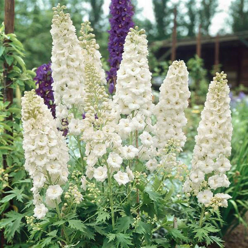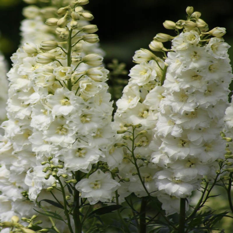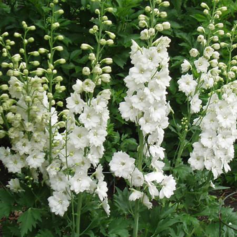 Серія 'Pacific Giants' - дельфініуми з напівмахровими квітками з характерним вічком, густо розташованими на високих пагонах. Ідеальні структурні рослини та зрізані квіти. Цвітуть з пізньої весни, сорт «Галахад» має білі квітки з білим вічком. Після цвітіння видаліть пагони суцвіть, щоб стимулювати повторне цвітіння.
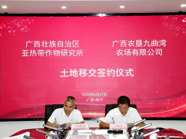 2025年6月27日,根据广西农垦集团有限责任公司、广西壮族自治区农业科学院、广西壮族自治区亚热带作物研究所签订的《土地分割协议》以及《自治区本级土地管护协议书》(广西农垦邕武路两侧自治区本级土地管护项目)工作要求,广西热作所与广西农垦九曲湾农场有限公司在广西热作所409会议室举行了收储土地托管移交协议签约仪式。广西热作所党委副书记、纪委书记梁声侃与广西农垦九曲湾农场有限公司执行董事、总经理韦克政分别代表双方签署协议。
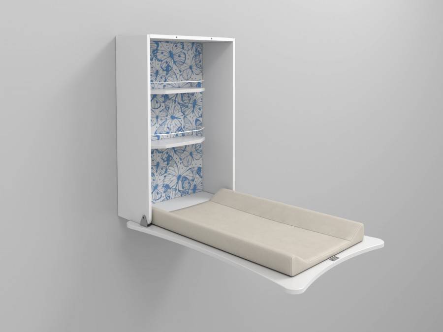 Данная модель крепится непосредственно к стене. В неработающем виде полностью прижимается к стене. По необходимости, пеленальная доска ставится в рабочее положение. Под ней обычно имеется маленький сталлаж для самых необходимых детских вещей.
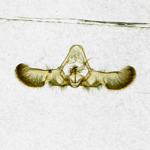 Place the clean genitalia into a small petri dish with 100% ethanol. Using forceps, gently spread the valvae and place the
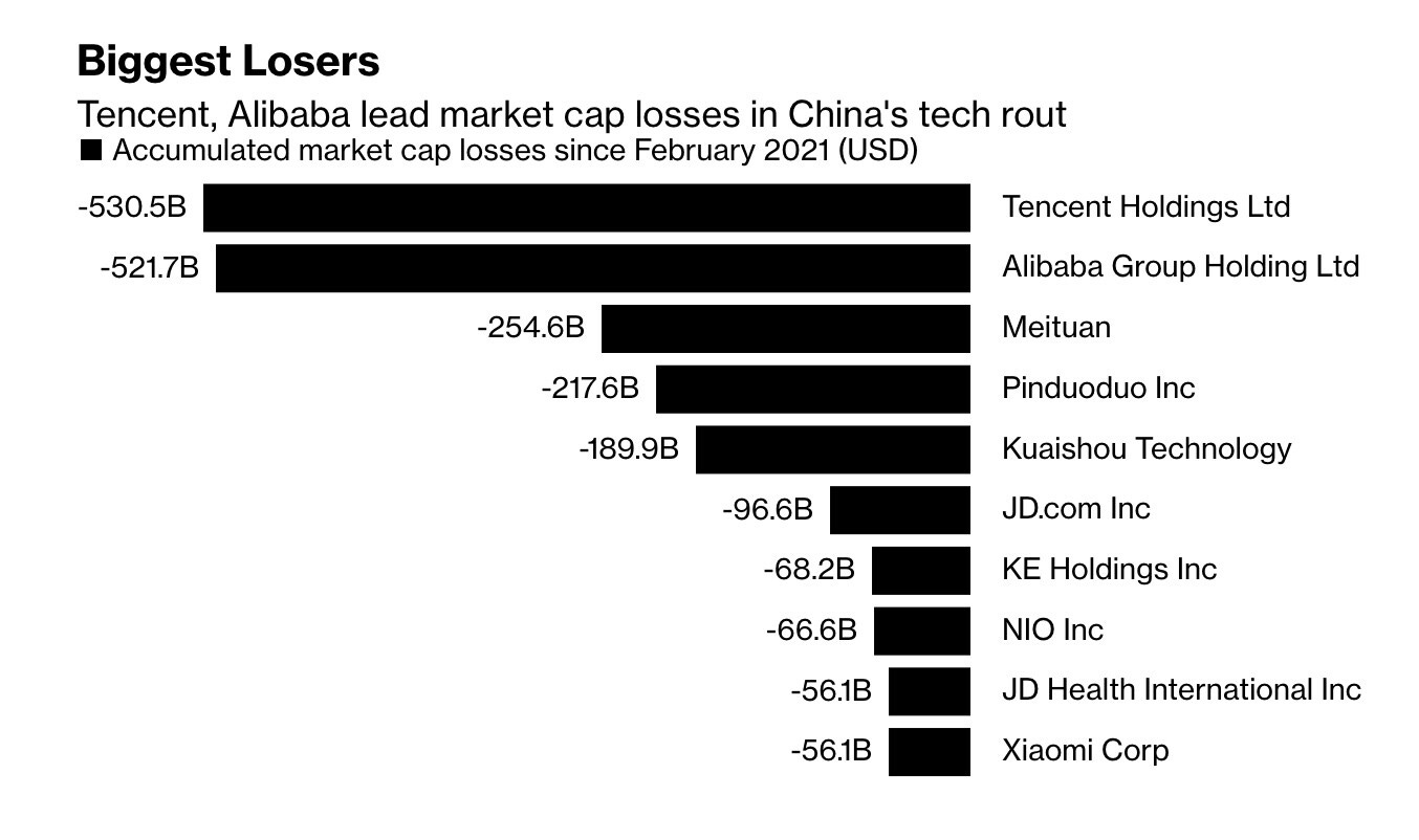 Sus grandes empresas tecnológicas (Alibaba, Tencent, JD) han perdido cerca de la mitad de su valor en bolsa en 2 años

-=-=-

DIRECTIONS |
Restate the full listing word for word, excluding images.

EXERCISE RESPONSE |
 Серія 'Pacific Giants' - дельфініуми з напівмахровими квітками з характерним вічком, густо розташованими на високих пагонах. Ідеальні структурні рослини та зрізані квіти. Цвітуть з пізньої весни, сорт «Галахад» має білі квітки з білим вічком. Після цвітіння видаліть пагони суцвіть, щоб стимулювати повторне цвітіння.
 2025年6月27日,根据广西农垦集团有限责任公司、广西壮族自治区农业科学院、广西壮族自治区亚热带作物研究所签订的《土地分割协议》以及《自治区本级土地管护协议书》(广西农垦邕武路两侧自治区本级土地管护项目)工作要求,广西热作所与广西农垦九曲湾农场有限公司在广西热作所409会议室举行了收储土地托管移交协议签约仪式。广西热作所党委副书记、纪委书记梁声侃与广西农垦九曲湾农场有限公司执行董事、总经理韦克政分别代表双方签署协议。
 Данная модель крепится непосредственно к стене. В неработающем виде полностью прижимается к стене. По необходимости, пеленальная доска ставится в рабочее положение. Под ней обычно имеется маленький сталлаж для самых необходимых детских вещей.
 Place the clean genitalia into a small petri dish with 100% ethanol. Using forceps, gently spread the valvae and place the
 Sus grandes empresas tecnológicas (Alibaba, Tencent, JD) han perdido cerca de la mitad de su valor en bolsa en 2 años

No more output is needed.